This article is based on an article from the Japanese edition of Engadget and was created using the translation tool Deepl.
Japanese startup EmbodyMe has launched its xpression camera, a virtual camera for use in video conferencing, for free. Initially available for Mac only, a Windows version will be available soon. Users who have registered on the official website will be able to download the software in stages.
xpression camera is an app that lets you set up a single image of any person, and then take over the image with your own facial expressions and move it in real-time. It can be set up as a virtual camera, so you can use it in any video conferencing tool such as Zoom or Google Meet. If you register a photo of yourself in a suit, you can attend a meeting even if you're wearing sleepwear.

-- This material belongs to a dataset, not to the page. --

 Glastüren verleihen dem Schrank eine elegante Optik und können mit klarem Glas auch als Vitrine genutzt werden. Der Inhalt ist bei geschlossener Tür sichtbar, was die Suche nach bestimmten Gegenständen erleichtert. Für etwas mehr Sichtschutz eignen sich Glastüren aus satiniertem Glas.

Another advantage is that you can eliminate the so-called "Zoom fatigue”. Zoom fatigue is caused by being aware that your face is displayed on the screen and being watched all the time, and this is reduced by using an avatar.
Another advantage of the xpression camera is that it runs on a typical laptop. According to EmbodyMe's President Kazuhoshi Yoshida, similar efforts exist with open-source technology, but "you need a great machine to make it work in real-time," he says, "and it's not perfect in terms of quality. The front is often off, and it is far from practical." On this point, xpression camera runs on popular machines like MacBooks.

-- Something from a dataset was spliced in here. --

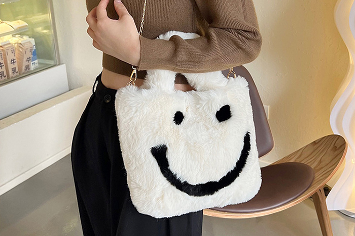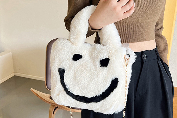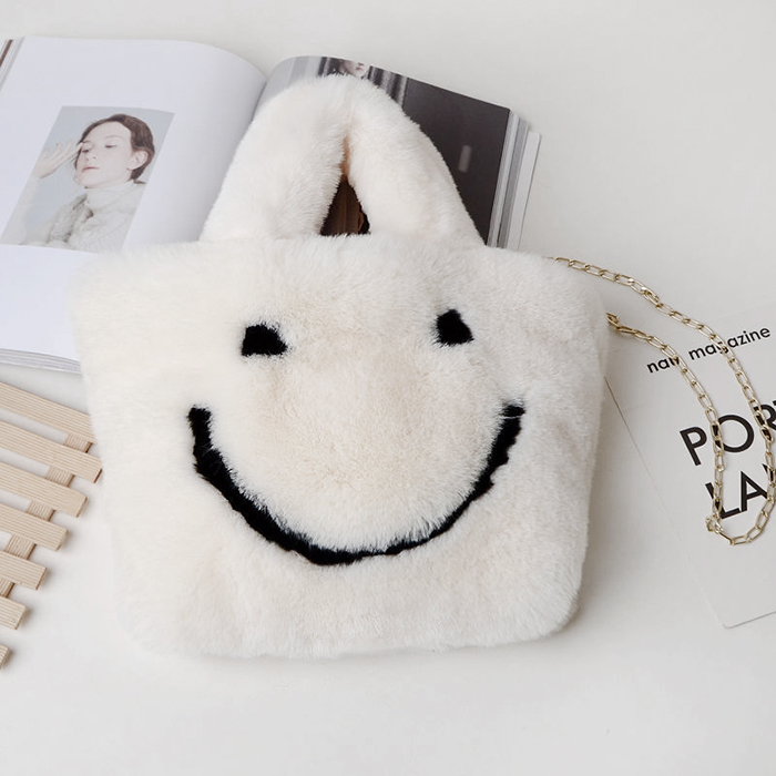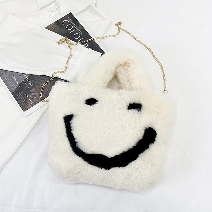 ▶名稱/笑臉毛絨絨手提×鍊條斜背包×米白

It's similar to the work of so-called VTubers, but VTubers are expensive to create character models for and typically use 2D animated characters, so their user base is limited. In this regard, the xpression camera, which allows you to manipulate your own childhood photos and photos of celebrities with your own expression, can target a wider range of users.
Technically, the xpression camera utilizes EmbodyMe's proprietary image recognition technology. Instead of using a 3D sensor like the iPhone's Face ID, it uses only image recognition to estimate more than 50,000 3D points on your face and track your facial expressions in real-time. In addition to this, the system utilizes GAN (Generative Adversarial Networks), a deep learning technology that has become a hot topic in the deep-fake video of former U.S. President Barack Obama. This makes it possible to create a 3D-style avatar from a single photo.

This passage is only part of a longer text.